My family “vacationed” to Alabama to visit and stay with relatives almost every year. And that was before I-85, rest areas and convenience stores on every corner. There were bits and pieces of the interstate in place, but inevitably, we went through most towns — with the stoplights – along the way.
We would always get up early, and head out before the sun had risen. Breakfast was usually at the Peach Blossom in South Carolina.
As the youngest of four children, my memories of these trips with the entire family are somewhat limited. I can only imagine what it was like for my parents, two older sisters and older brother and myself riding along in the old Chevrolet, windows rolled down because there was no air conditioning. And to top it off, the trip home most likely meant that Grandmother Pope would be riding along to spend a month or two with us. Seven of us packed into one car.

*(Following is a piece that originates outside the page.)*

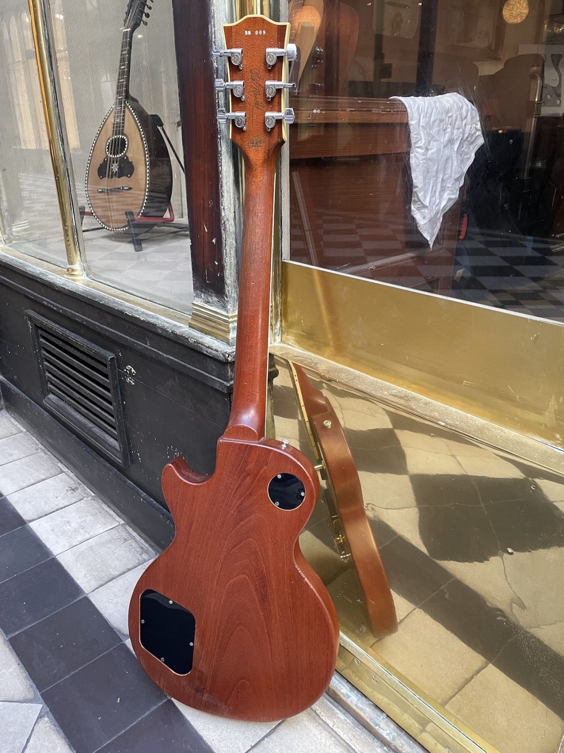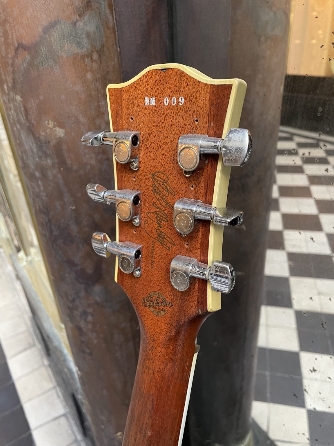 This rare guitar is an exact replica of the instrument Bob Marley used for years onstage and in the studio, now preserved in the Bob Marley Museum in Kingston, Jamaica. This replica goes as far as copying every modification and repair the original instrument underwent during its time of use: the stripped finish, the block fretboard inlays, the white headstock binding, the aluminium pickguard and the pickup selector plate are exactly identical to what can be found on the real deal. The guitar comes equipped with two P-90 pickups, each wired with indépendant volume and tone controls, producing a sound very close to that of a 1950s Les Paul Special. Only 200 copies of this instrument were ever made.

My sister reminded me about her favorite trip with the family to Alabama. It had nothing to do with the trip. It was all about returning home. If you needed to use the bathroom before that trip, you went to the outhouse. But when we returned, there was indoor plumbing — a commode inside the house. Funny, I remember the outhouse but not the moment we got indoor plumbing.
My brother talks about one of the trips that included Grandmother Pope. She was a small, feisty woman. My brother had to use the bathroom, and we were barrelling along somewhere in South Carolina. With not a filling station in sight, my mother coaxed him into relieving himself into an empty Coke bottle. It worked, but mom, of course, didn’t want to travel in hundred-degree weather with a bottle of urine on board. So she poured it out the window. Remember, we had no air conditioning. The back windows were down, too. And there was Grandmother Pope, and when the warm urine splattered all over her face, she uttered every four-letter word I had ever heard and some new ones, as well.

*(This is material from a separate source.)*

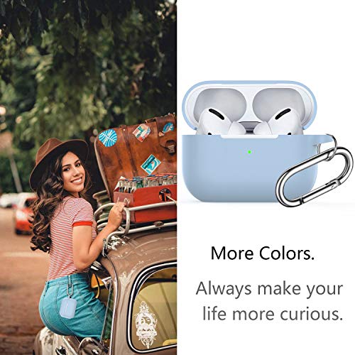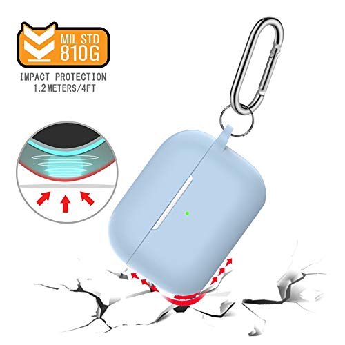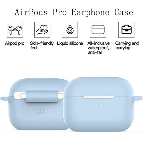 Custodia per AirPods Pro,Watruer Soft Silicone Skin Cover Custodia protettiva antiurto con portachiavi per Apple Airpods Pro 2019 (LED anteriore visibile) - Azzurro

And to think they called those the Good Old Days.
About every other year, the family packed up for a trip to Kure Beach. If my memory serves me right, we stayed in the same cottage right on the sand every time. If we were lucky, there was a game of miniature golf to play right in front of Big Daddy’s restaurant. I’ll never forget my dad having the best time, diving right into the waves.
In the fall, we sometimes made a day trip to the mountains. It always included homemade fried chicken, and a stop at a grassy area along the Blue Ridge Parkway to enjoy our picnic. We traveled to Fancy Gap., Va., to get on the parkway, and got off at U.S. 421 for the trip home.
The good old days? Maybe. But I prefer to ride in air conditioned comfort — without hot urine all over my face.